Ma bohème (1870)


Écrit par Arthur Rimbaud à l'âge de 16 ans, Ma Bohème évoque une ou plusieurs de ses fugues.

  
                                                     Ma bohème

Je m'en allais, les poings dans mes poches crevées ;
Mon paletot soudain devenait idéal ;
J'allais sous le ciel, Muse, et j'étais ton féal ;
Oh ! là là ! que d'amours splendides j'ai rêvées !

Mon unique culotte avait un large trou.
Petit-Poucet rêveur, j'égrenais dans ma course
Des rimes. Mon auberge était à la Grande-Ourse.
Mes étoiles au ciel avaient un doux frou-frou

Et je les écoutais, assis au bord des routes,
Ces bons soirs de septembre où je sentais des gouttes
De rosée à mon front, comme un vin de vigueur ;

Où, rimant au milieu des ombres fantastiques,
Comme des lyres, je tirais les élastiques
De mes souliers blessés, un pied près de mon cœur !



I. L’errance indigente


A. La terre des pieds


Le titre d’abord évoque le voyage, qui se fait à pied. La terre est en général opposée au ciel, mais la « voyance » rimbaldienne, liée à la sensation, autant mettra le poète au milieu « des ombres fantastiques ». Les « souliers blessés » reflètent un long périple, une longue « course ».


B. L’insouciance


Le voyage n’a ni destination ni contrainte de temps (usage de l’imparfait, valeur durative). « Je m’en allais » ne donne en effet nulle autre précision que la marche (qui peut prendre la connotation de fuite) seulement sait son point de départ. « J’allais » (v.3) au contraire ne montre rien d’autre que le déplacement.
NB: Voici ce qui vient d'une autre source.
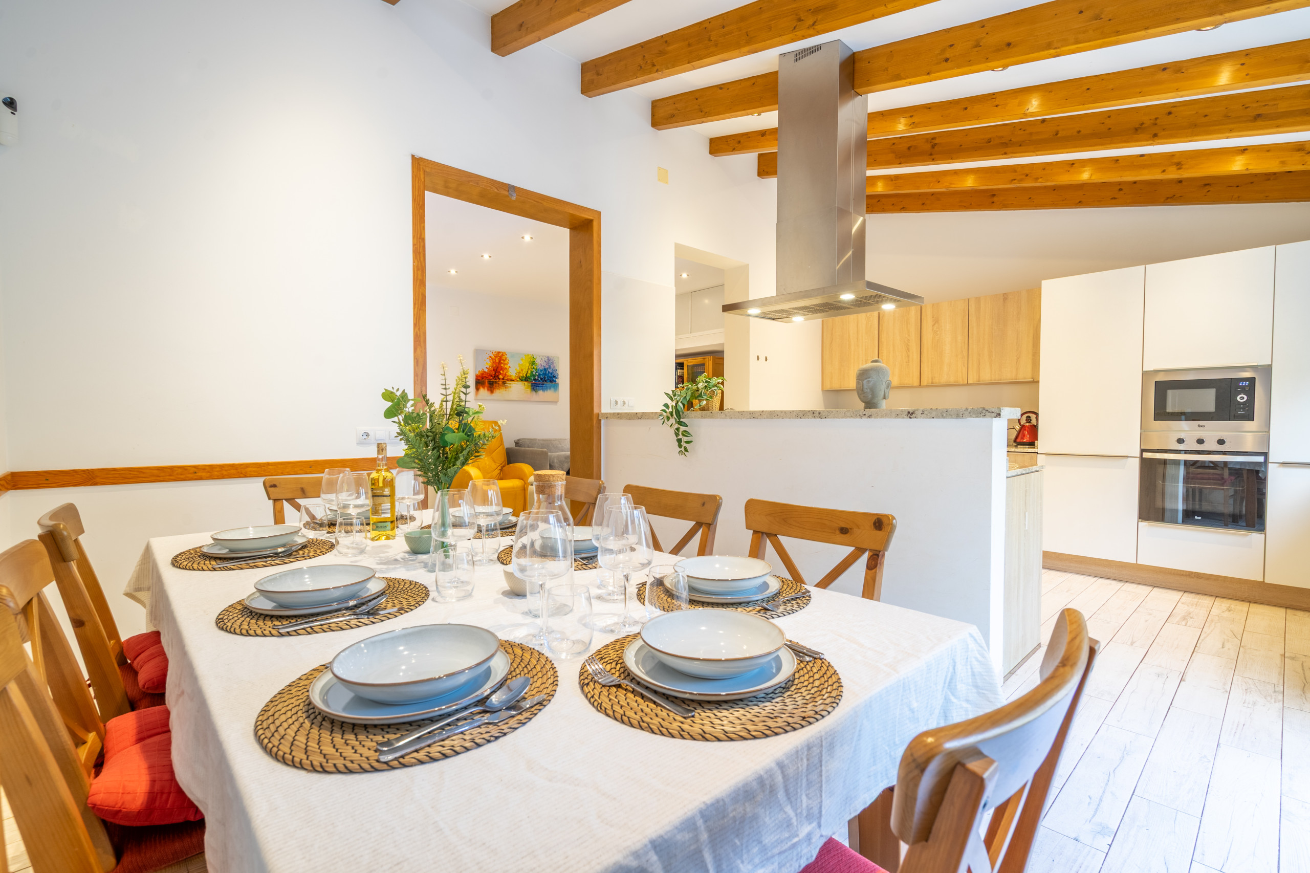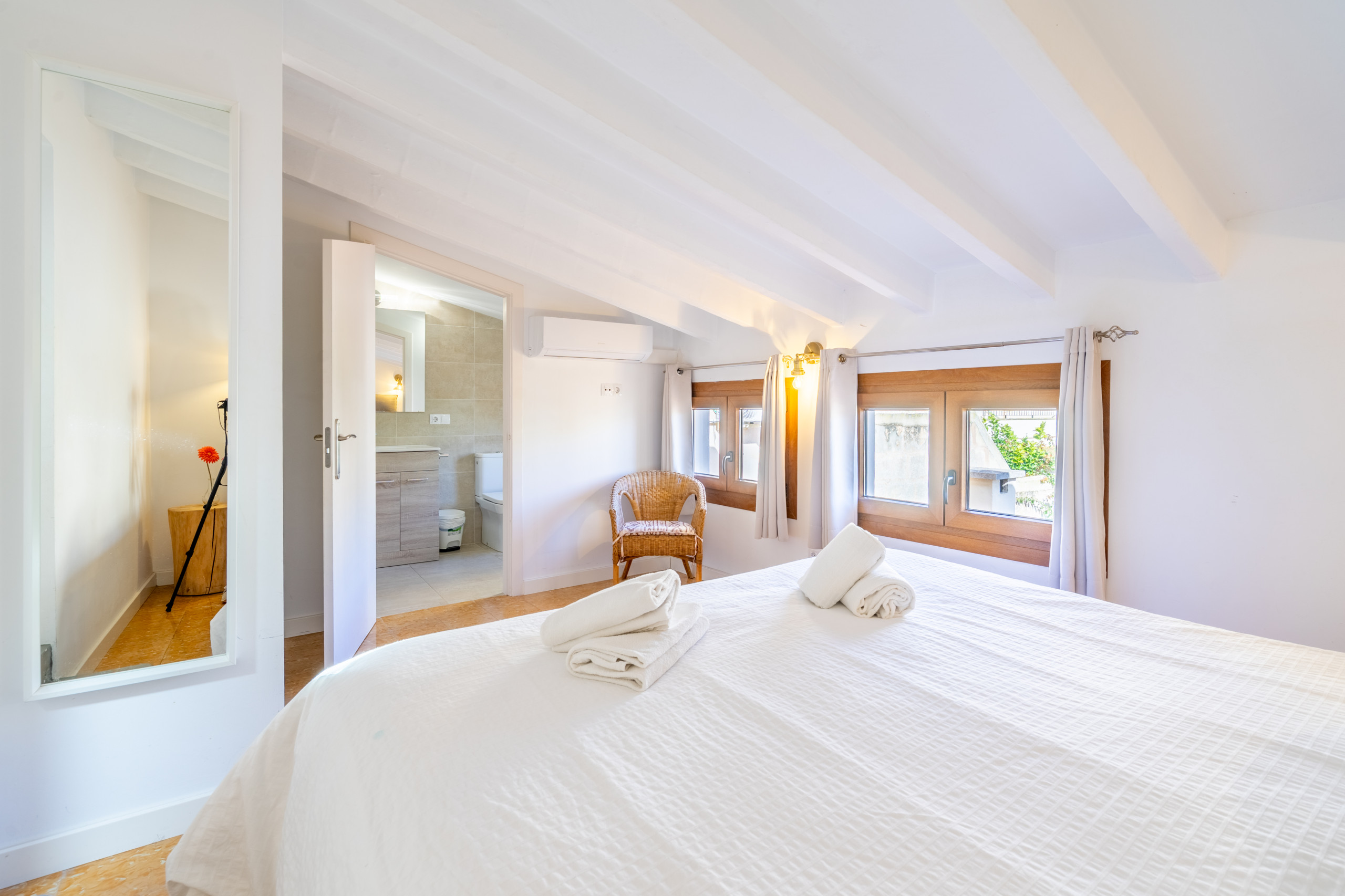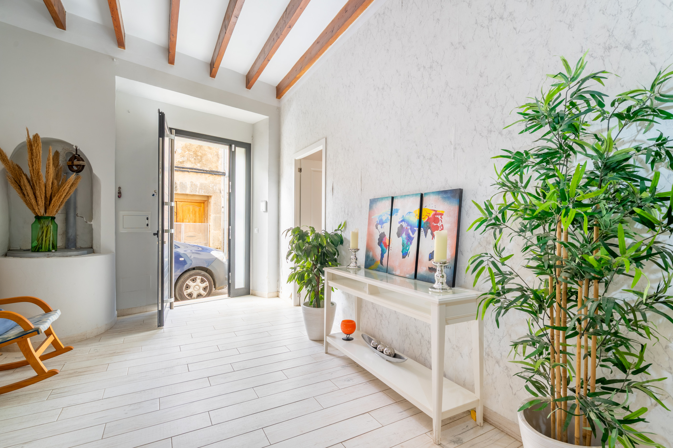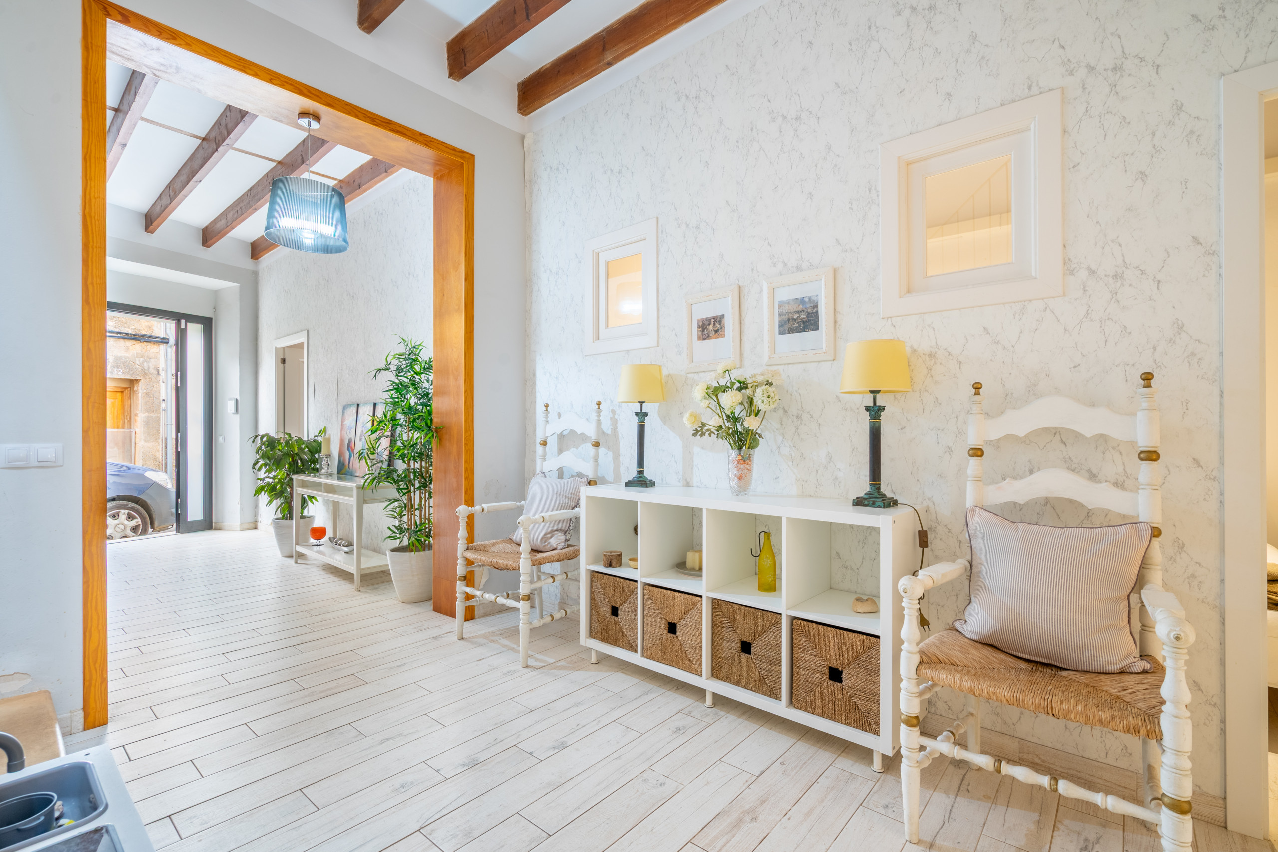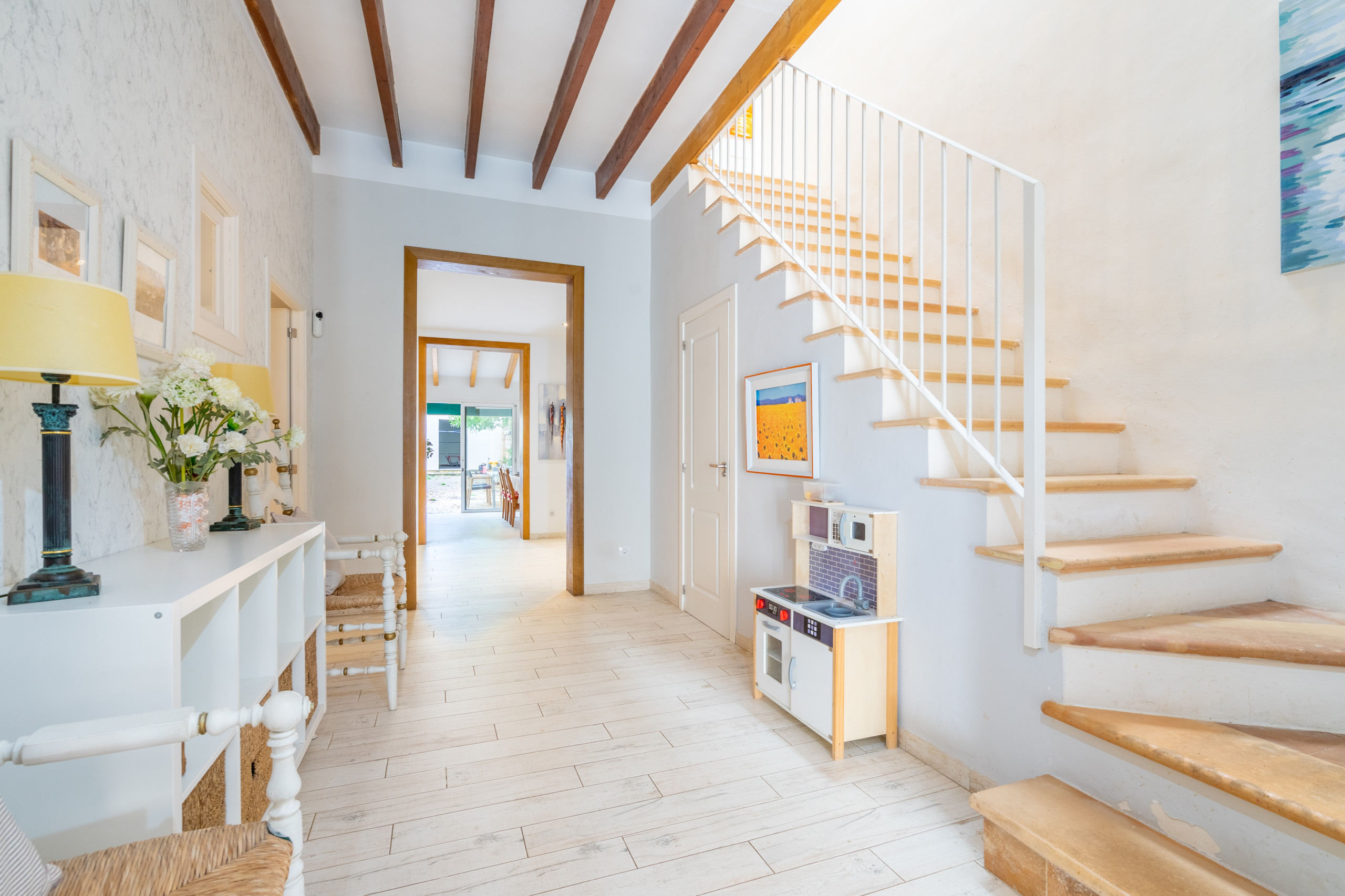 In het buitengebied biedt de woning een privézone met zwembad, geïntegreerd in een discrete en verzorgde omgeving, waarbij de privacy en rust van de woning behouden blijven. Het beschikt ook over een eigen parkeerplaats binnen hetzelfde huis, een toegevoegde waarde die een comfortabel en zorgeloos verblijf vergemakkelijkt. Een evenwichtige woning, goed verdeeld en gelegen in een rustige omgeving, ideaal voor gezinnen of groepen die ruimte, kalmte en comfort waarderen in het hart van Llucmajor.

Le poète ne se soucie du confort non idéal et rêve : « poches crevées », « large trou », « auberge », « assis au bord des routes », « comme un vin de vigueur », s’opposent au « Petit-Poucet rêveur » qui rime.


II. Le voyage est celui du poète


A. Le temps : la nuit


Loin de « l’azur » symbole de religieuse clarté et de distance infinie entre l’homme et son idéal, le temps est à la nuit. Les « étoiles », la « Grande-Ourse » allègent la difficulté matérielle du voyage à terre.

Plus encore, elles sont complices de la création poétique, avec la nuit, puisque l’auteur « les écoutait », « rimant au milieu des ombres fantastiques », et peut ouvrir un monde de nouvelles sensations (« je sentais »).


B. Du cœur : rapprochement de la terre et du ciel


Habituels à leur époque, les derniers vers rapprochent l’idéal — ici symbolisé par le ciel étoilé — et le réel, la terre.
Pour ce faire, le poète a recours à une comparaison osée : la lyre — symbole antique de l’inspiration, du talent musical, de la beauté, attribut d’Apollon, d’Hermès, de la muse Érato — avec les « élastiques » de ses souliers, — image presque ordurière.